This site began as the website for my 2016 candidacy tor Congress. I ran for U.S. Representative for the 24th District as a Green Party candidate. It was educational, as I learned firsthand how completely the political system is controlled by and for the very few. I think we all understand this better after the 2016 election.
The main purpose of the campaign was to give more visibility to the reasons for our predicament and more visibility to possible solutions. What I realize ever more clearly is the system(s) themselves — monetary system, duopoly electoral system, agriculture system, transportation system, military system — cannot cope with alternative or competing ideas. I suppose any social heirarchy must ruthlessly eliminate competition to preserve itself. So the reformers are relegated to the fringe of social awareness. Yet, when the ruling class structures break and fall, when the light shines on alternatives, the reformers who have put forth ideas will have a chance.
Acacia farnesiana, better known as the huisache tree, is a small thorny tree that is probably native to the more arid regions of Central America and the Southwest United States. It is regarded as an invasive species in some areas. It tends to sprout in multiple spindly trunks that have rather long and sharp thorns. it takes more of a tree form as it matures and can be pruned to an attractive shape. It has yellow orange flowers in the spring and produces seed pods as is characteristic of the legume family. Learn more at the Lady Bird Johnson Wildflower Center where it is known as vachellia farnesiana.
I chose this mascot because I feel it is representative of the probable future for a Texan in the 21st century.
Texas is becomming more and more a car-park colony of Wall Street. I have a morbid fascination with the methods and memes of this progression, and a strong desire to find another way. The ruling class proudly points to enormous highway monuments and wide strips of concrete, while hiding the costs and pretending to be mystified by rising taxes. Texas is a leader in greenhouse gas emissions and climate change denial seems to be the official religion.
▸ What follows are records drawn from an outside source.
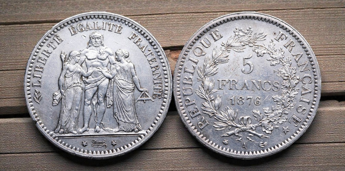 Эти серебряные 5 франков чеканились во Франции в XIX веке, начиная с 1848 года
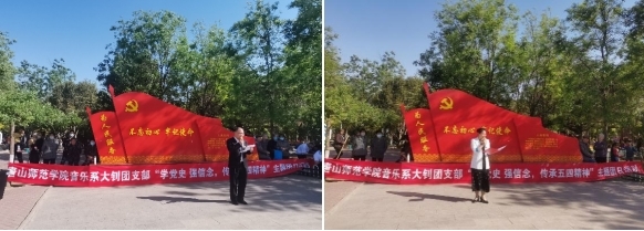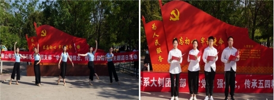 团日活动在社区广场举行。活动中,团员们在团旗下重温了入团誓词,大家表情庄严肃穆,誓词铿锵有力,通过宣誓再次接受了思想和心灵上的洗礼。团员们还表演了《芳华》、《致五四》、《幸福中国一起走》等节目,吸引了不少市民驻足观看,拍手叫绝。
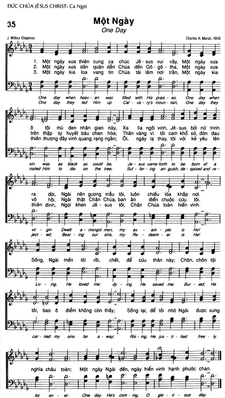 1. Một ngày xưa thiên cung ca chúc Jê-sus vui vầy, Một ngày xưa tội mù đen nhân gian này, Xa lìa ngôi vinh, Jê-sus bởi nữ trình ra đời, Ngài nên gương mẫu tôi, luôn chiếu lòa khắp nơi. Sống, Ngài mến tôi rồi, chết, để cứu thân này; Chôn, chôn tội tôi, bao ô điểm không còn thấy; Sống lại, để tôi nhờ Ngài được xưng nghĩa châu toàn; 2. Một ngày xưa dân quân dẫn Chúa đến Gô-gô-tha, Một ngày xưa trên thập tự huyết báu chan hòa; Thân vàng vì tôi cam khổ sở, đớn đau vô hồi, Ngài thật Chân Chúa, ban ân điển chuộc cứu tôi. Sống, Ngài mến tôi rồi, chết, để cứu thân này; Chôn, chôn tội tôi, bao ô điểm không còn thấy; Sống lại, để tôi nhờ Ngài được xưng nghĩa châu toàn; 3. Một ngày kia loa vang tin Chúa tái lâm nơi trần, Một ngày kia thiên thượng đầy vinh quang rạng ngần; Ôi, ngày lạ thay, tôi với kẻ yêu lên thiên đình, Ngợi khen Jê-sus tôi, Chân Chúa toàn hiển vinh. Sống, Ngài mến tôi rồi, chết, để cứu thân này; Chôn, chôn tội tôi, bao ô điểm không còn thấy; Sống lại, để tôi nhờ Ngài được xưng nghĩa châu toàn; Điệp khúc: Một ngày Ngài đến, ngày hiển vinh hạnh phước chan.
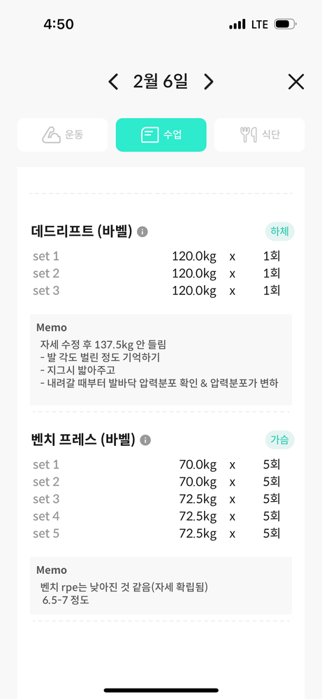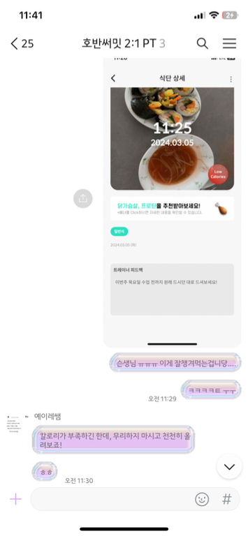 체중 감량을 위해 운동 뿐 아니라 식단도 살펴주셨습니다. 덕분에 체중은 감량하면서도 운동 볼륨은 올릴 수 있었던 것 같아요!
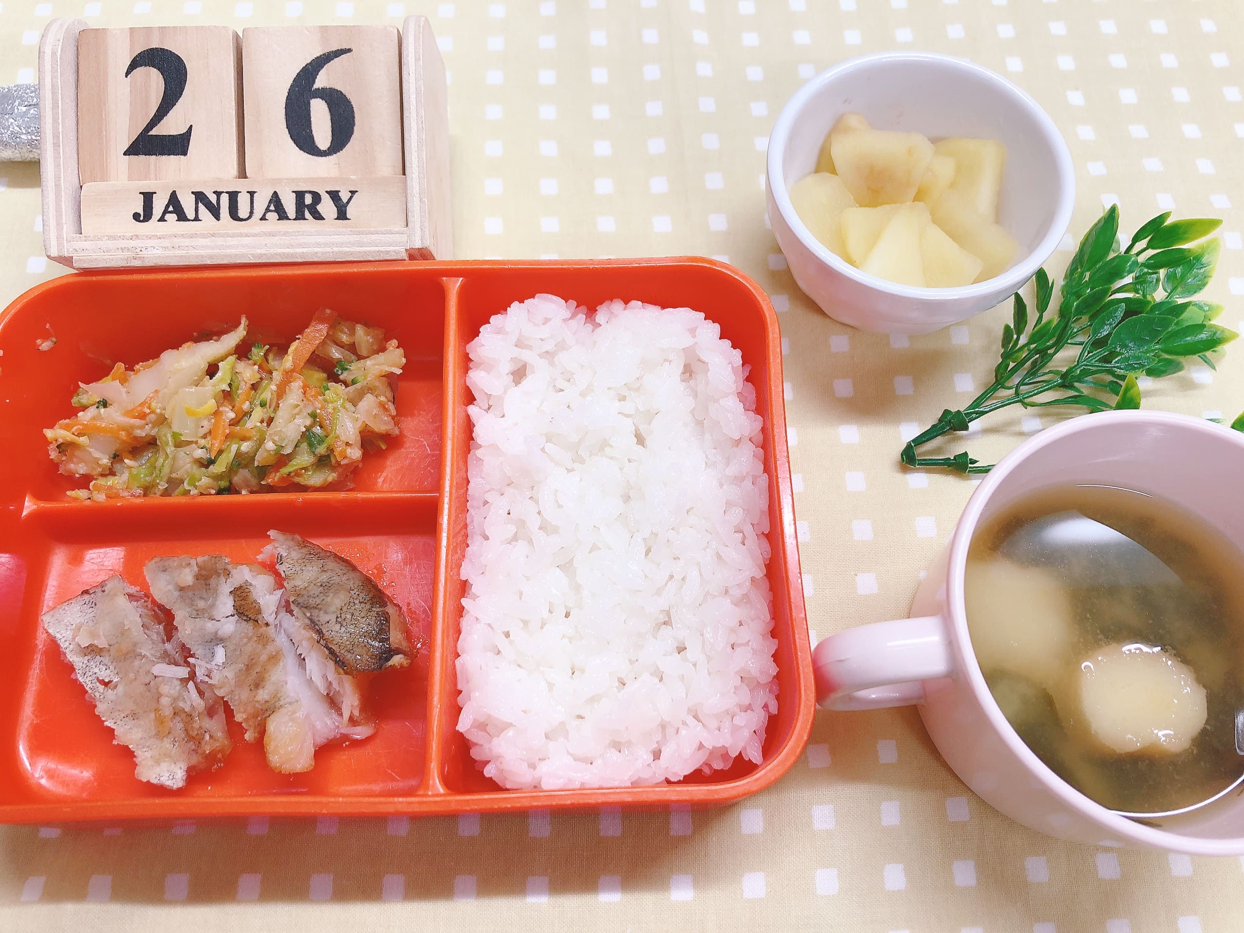 たらは骨とりをした切り身に、しょうゆ・酒でしっかり下味をつけ、片栗粉をまぶして余分な油を吸わせないように調整。じっくり焼き、外はサクサク、中はふんわりとした仕上がりに。やさしい味が米飯にぴったりで、「パクパクお魚を食べていた」と夢中で頬張る様子が見られました。
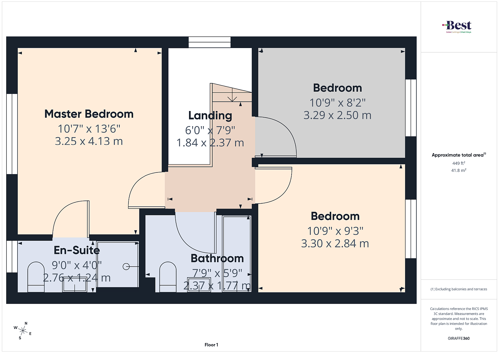 Master bedroom w: 4.16m x l: 3.26m (w: 13' 8" x l: 10' 8")
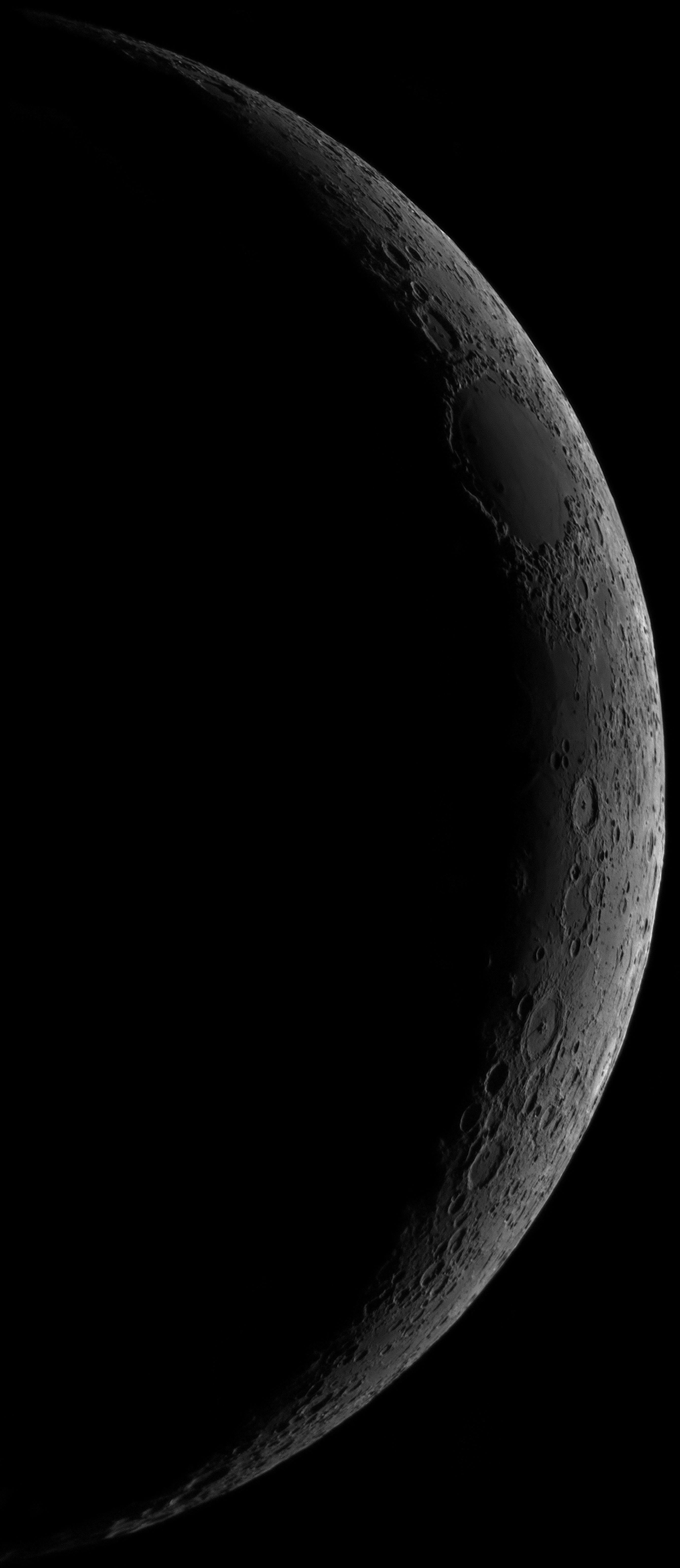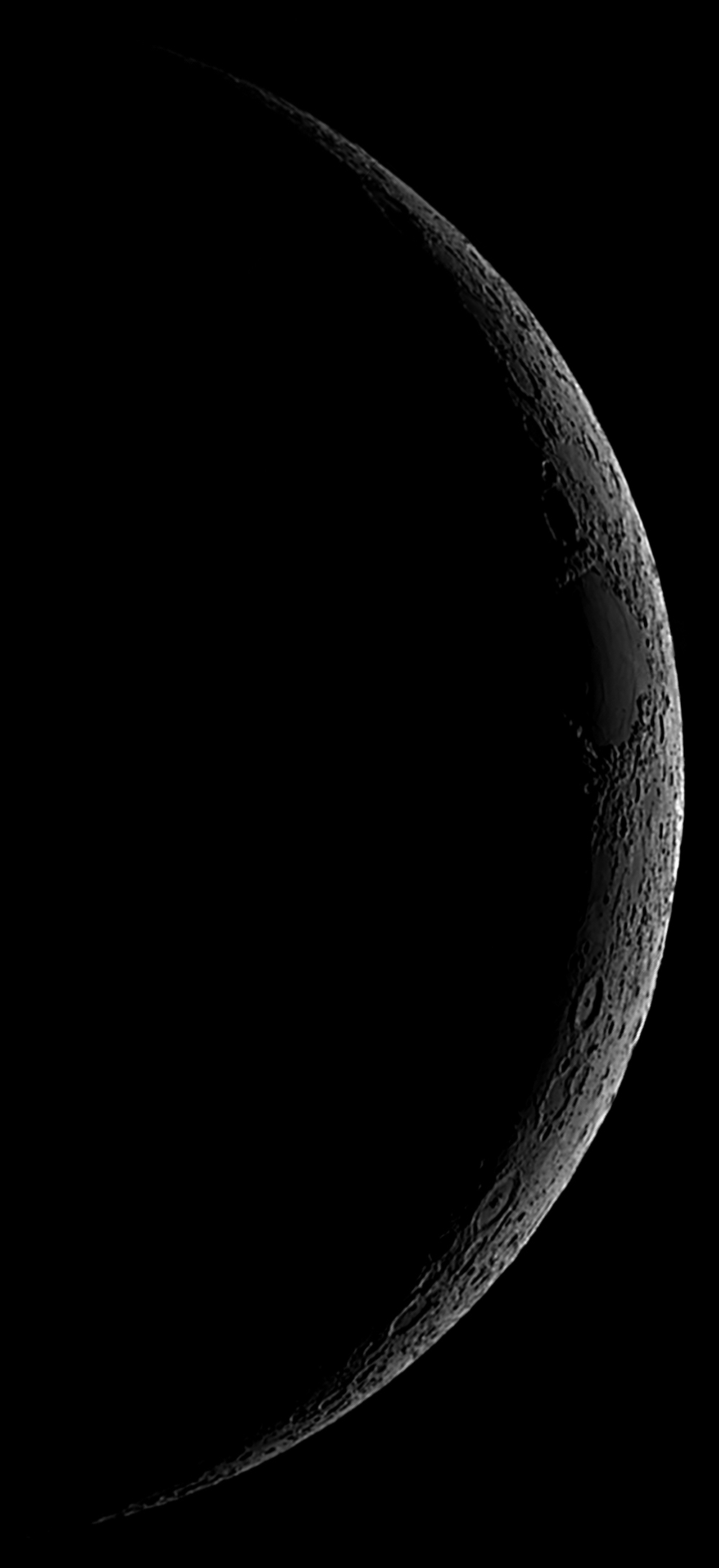 Moon Age: 02.43 days old Each Exposure: Best of 1200 frames @ 30 fps, aligned and stacked Final Result: Stitch of 7 exposures with iMerge Date: 10th January 2008 Time: 6:50 - 6:57 pm Telescope: Celestron NexStar 4 SE (4") Camera: Celestron NexImage
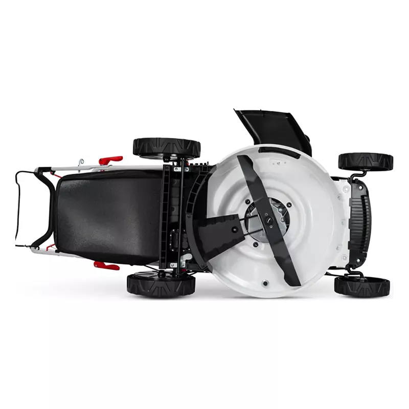 Бензиновая газонокосилка поддерживает несколько режимов работы. Скошенная трава либо собирается в травосборник, либо выбрасывается обратно на газон через боковой или задний разгрузочный лоток, либо мульчируется для удобрения почвы. Семиуровневая регулировка высоты кошения выполняется при помощи рычага около заднего колеса. Косилка движется самостоятельно с постоянной скоростью. Достаточно лишь задать направление. В труднопроходимых местах привод можно отключить, отпустив соответствующий прижимной рычаг. На рукоятке предусмотрен специальный держатель для шнура стартера, избавляющий от необходимости наклоняться вперед при запуске двигателя.
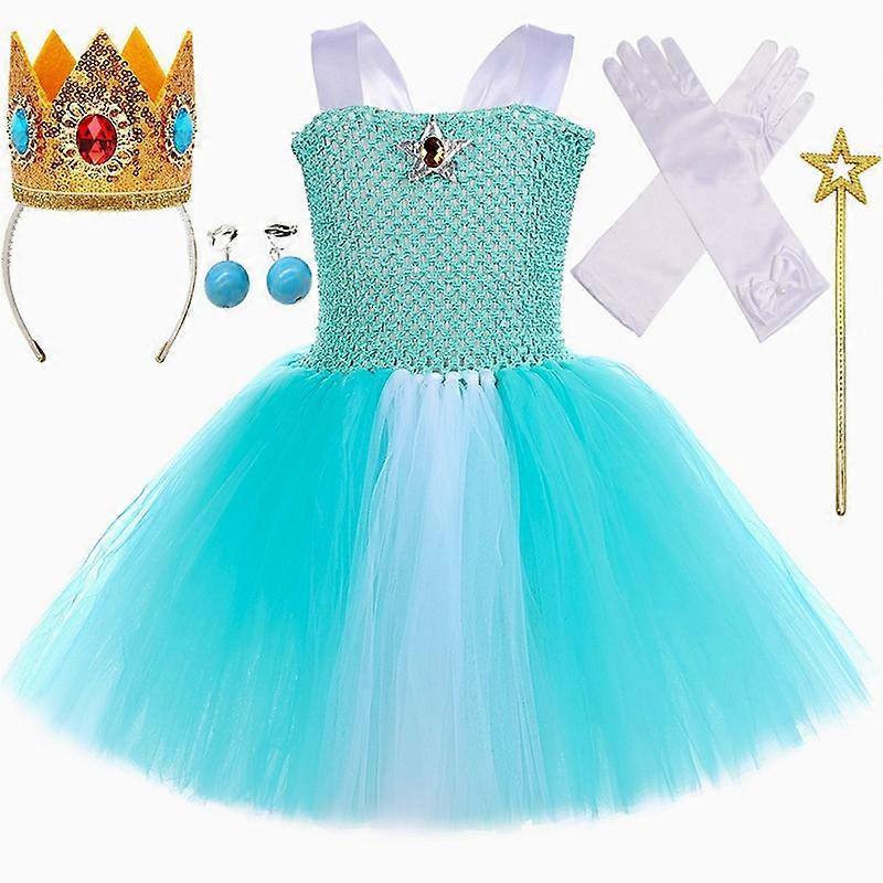 Princess Rosalina Costume Girls Kids Mint Green Tulle Tutu Dress Ball Gown Children Birthday Halloween Carnival Party Clothes
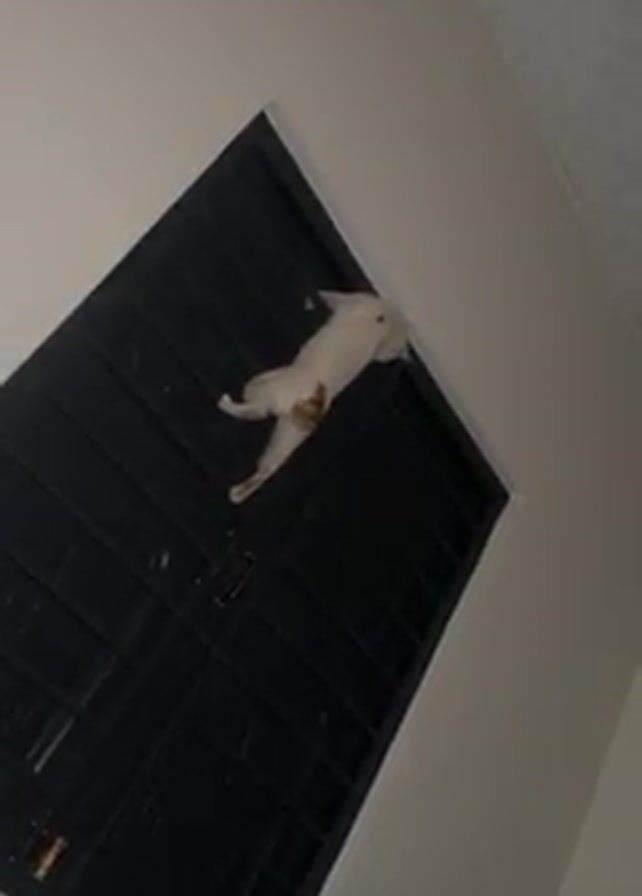 A single, low-angle shot depicts a white cat with some orange markings stuck between the bars of a black metal window security grate. The cat appears to be in a relaxed, almost sleeping position with its belly exposed. The grate is mounted in a white wall. The video is shaky.
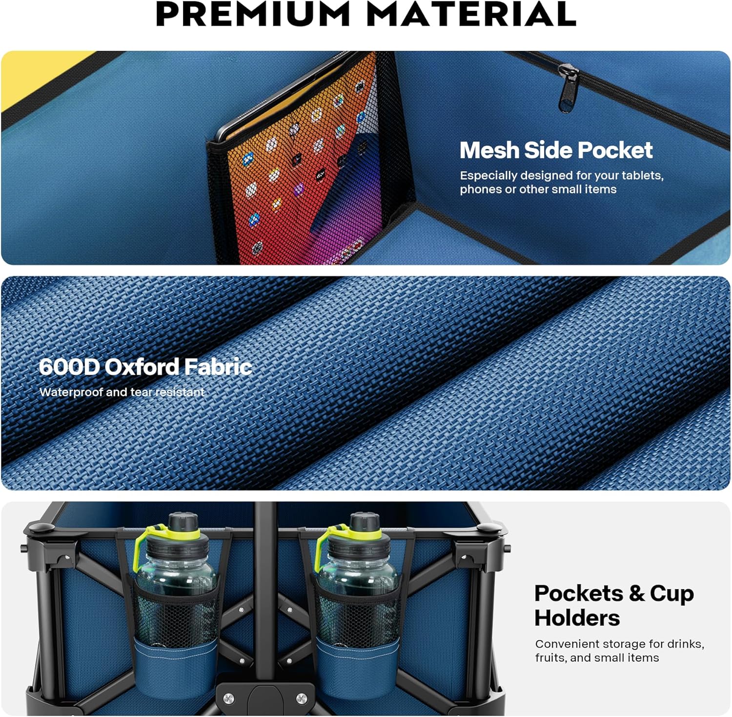 - PREMIUM MATERIAL - Made of 600D Oxford fabric with a PVC coating, the wagon cart is waterproof, tear-resistant, and durable; With a heavy-duty steel frame, it can support up to 300 lbs.; The cart features 4 universal wheels that can be easily adjusted to any angle while moving; Each of the front 2 wheels is equipped with a brake, providing extra stability when parking; This utility cart is a great option for anyone looking for a compact and reliable solution
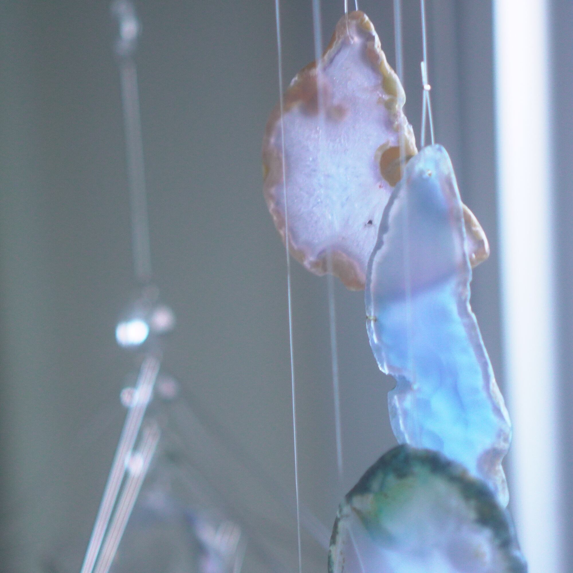 元々の瑪瑙風鈴とは使っている石の大きさや厚みが異なり、こちらのものはそれ同士重ねるだけでは特別音が鳴らない厚さのスライスアゲートを使用しているのですが、間に2本、細長い形状のアゲートを挟むことによって音が鳴る仕組みになっています。(もう少し変則的な組み合わせ方で音が鳴っていることもあります)
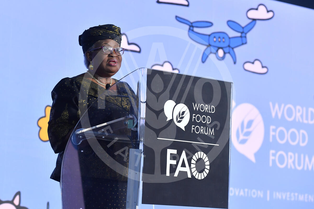 14 October 2024. Plenary Hall, FAO Headquarters, Rome, Italy. Ngozi Okonjo-Iweala, Director-General World Trade Organization (WTO) speaks at the World Food Forum Grand Opening.
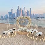 candles - 20 pcs heart arrangement base with artificial flowers - 1 pcs candle stands - 4 pcs sign will you merry me - 1 pcs
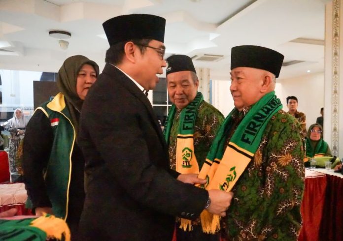 CoverPublik.com – Asisten I Setda Bengkulu Bidang Pemerintahan dan Kesejahteraan Rakyat, Khairil Anwar, melepas jemaah umrah PT. Firnando Team Indonesia di Asrama Haji Bengkulu, Senin (2/9/2024).
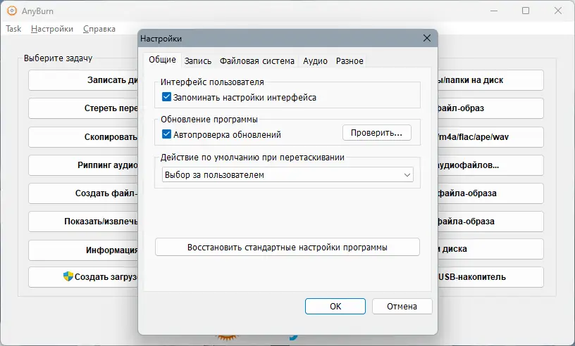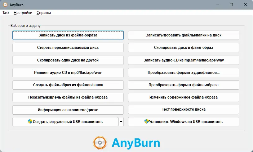 AnyBurn — это небольшая, бесплатная утилита для управления дисками CD/DVD/Blue-ray. Программа обладает интуитивно понятным интерфейсом, разделённым на закладки, что обеспечивает удобство выполнения различных операций с дисками и образами. Среди функционала — запись образов, создание резервных копий, копирование дисков, работа с аудио-CD и создание загрузочных USB-носителей. Этот универсальный инструмент служит отличной альтернативой более тяжелым и платным программам для работы с оптическими носителями.
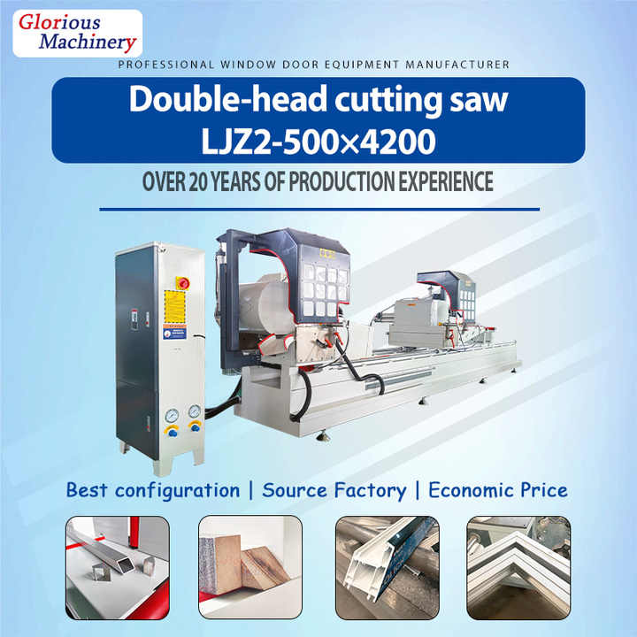 Machine de fabrication de fenêtres et portes en aluminium, PVC et UPVC automatique, contrôlée par PLC, avec scie de découpe de haute précision et découpeuse de profilés

The grip of fossil fuels and the banking cartel is strong, but their system is brittle and vulnerable. Perhaps there will be a final great traffic jam where millions of cars are trapped together for eternity.
I am also quite interested in the agriculture practices of Texas. The agricultural sector is a major user of chemicals, but I am not sure when the last good harvest occurred. It seems it is either too flooded or too dry or too hot for optimal chemical doused genetically modified conditions. I have found the information to be mostly unavailable, which has prevented me from exploring this very important topic. And then there is hurricane Harvey. Will Houston ever recover, or will there just be a sacrifice zone that is never mentioned?